Record Rise in Coronavirus Cases in Florida, Texas and California Erode Hopes of Economic Revival

Record-breaking rises in coronavirus cases and deaths in several US states are dimming hopes of a quick economic recovery as data shows shoppers staying out of stores in areas where cases are rising the most.

In Arizona, Texas, Florida, Georgia and South Carolina, which were among the first states to reopen commerce in May, retail foot traffic now lags elsewhere based on cell phone tracking, data firm Unacast said.

More than 60,000 new COVID-19 infections were reported across the United States on Wednesday, the greatest single-day tally by any country since the virus emerged late last year in China. US deaths rose by more than 900 for the second straight day.

Florida on Thursday announced nearly 9,000 new cases and 120 new coronavirus deaths, a record daily increase in lives lost. California and Texas, the most populous states, announced record increases in COVID deaths on Wednesday.

The surge is making some Americans hesitant to return to public spaces and patronize businesses, despite US President Donald Trump's efforts to downplay the risks.

Stephanie Porta, 41, a lifelong Orlando, Florida resident, said only about half the shoppers at her grocery store wore masks, although that was more than she saw two weeks ago.

"They're trying to make everything seem normal, when it's not. People are dying, people are getting sick. It's insane," she said.

Florida Governor Ron DeSantis called the rising cases a "blip" and urged residents not to be afraid.

"I know we've had a lot of different blips," DeSantis said. "We're now at a higher blip than where we were in May and the beginning of June."

Florida is one of the few states in the nation that does not disclose the number of hospitalized COVID patients. But more than four dozen Florida hospitals reported their intensive care units (ICUs) reached full capacity earlier this week, according to state data.

The rise in infections weighed on the stock market with the Dow <.DJI> and S&P 500 <.SPX> ending down about 1% on investor fears that state and local leaders could order new lockdowns.

Governors in California, Florida and Texas have either ruled out forced business closures and quarantines or called it a last resort. But Los Angeles Mayor Eric Garcetti warned that he would impose a new stay-at-home order in two weeks if the spike in cases did not ease.

In California, where the number of people hospitalized with COVID-19 has doubled over the past month, Riverside University Health System, east of Los Angeles, expanded its 44-bed intensive care unit after it filled up with patients.

"It's been very consistent every day in the last couple of weeks, every day has been like a full moon." Riverside emergency room physician Dr. Stephanie Loe said, referring to doctors' beliefs that a full moon brings more patients to the emergency room.

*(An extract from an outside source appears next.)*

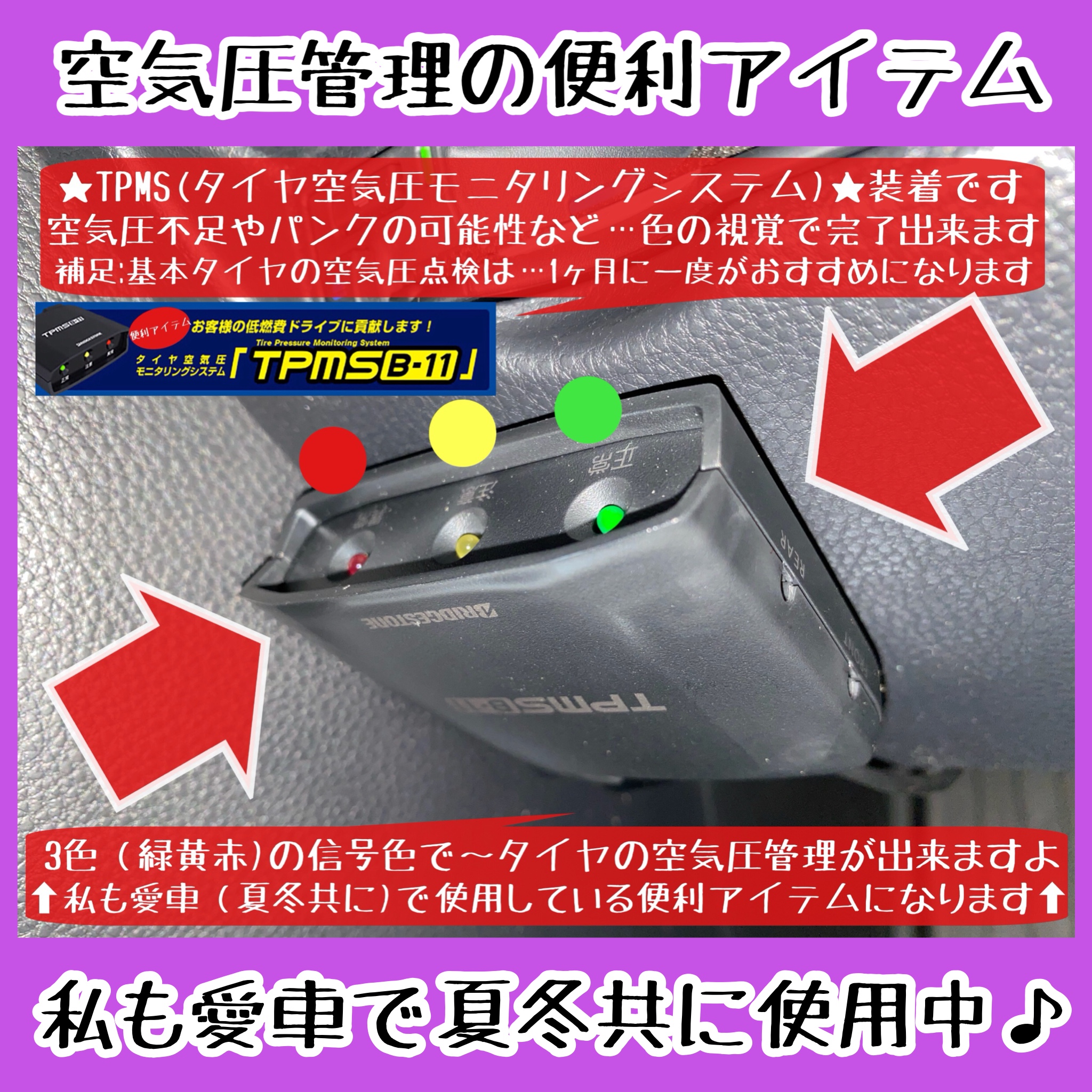 私も愛車で夏冬タイヤで使用中の便利アイテム★タイヤ空気圧モニタリングシステム〜TPMSの紹介になります♪
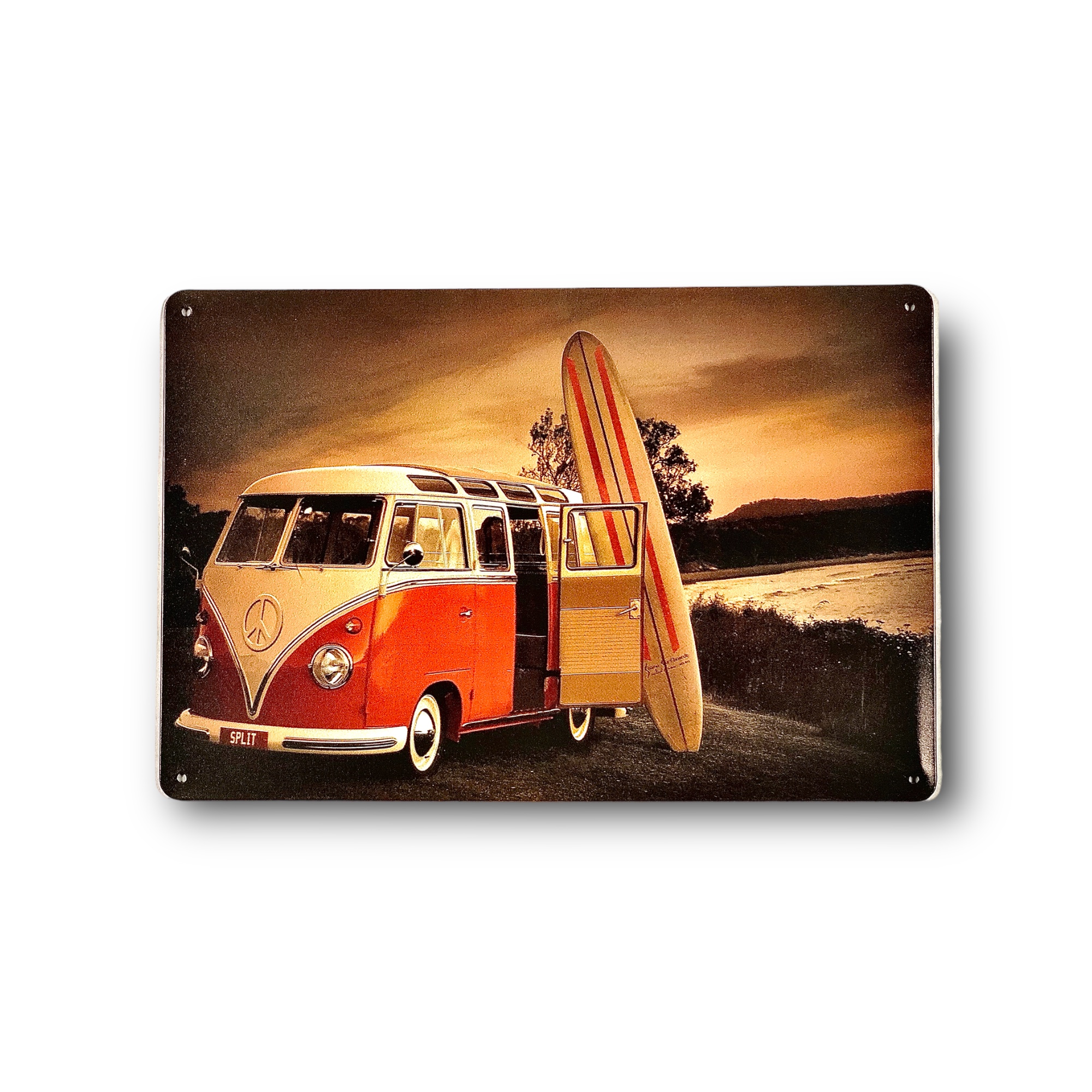 METALOWA TABLICZKA ŚCIENNA W STYLU RETRO, Z CZTEROMA OTWORAMI PRZY KAŻDYM ROGU, KTÓRE UMOŻLIWIAJĄ STABILNE PRZYTWIERDZENIE BLACHY DO ŚCIANY. POKRYTA...

California has seen cases and hospitalizations surge despite being one of the strictest in lockdowns. After about a half-dozen cases at the state capitol, lawmakers in the most populous US state on Thursday said they would stay on summer break to July 27.

In Texas a group of bar owners sued Governor Greg Abbott, a Republican, saying his June 26 order closing them down violates the state constitution, the Dallas Morning News reported.

As cases rise in 41 of the 50 US states over the last two weeks, the state and local officials are debating how best to resume school in the fall.

Robert Redfield, director of the US Centers for Disease Control and Prevention, said on Thursday that keeping schools closed would be a greater risk to children's health than reopening them.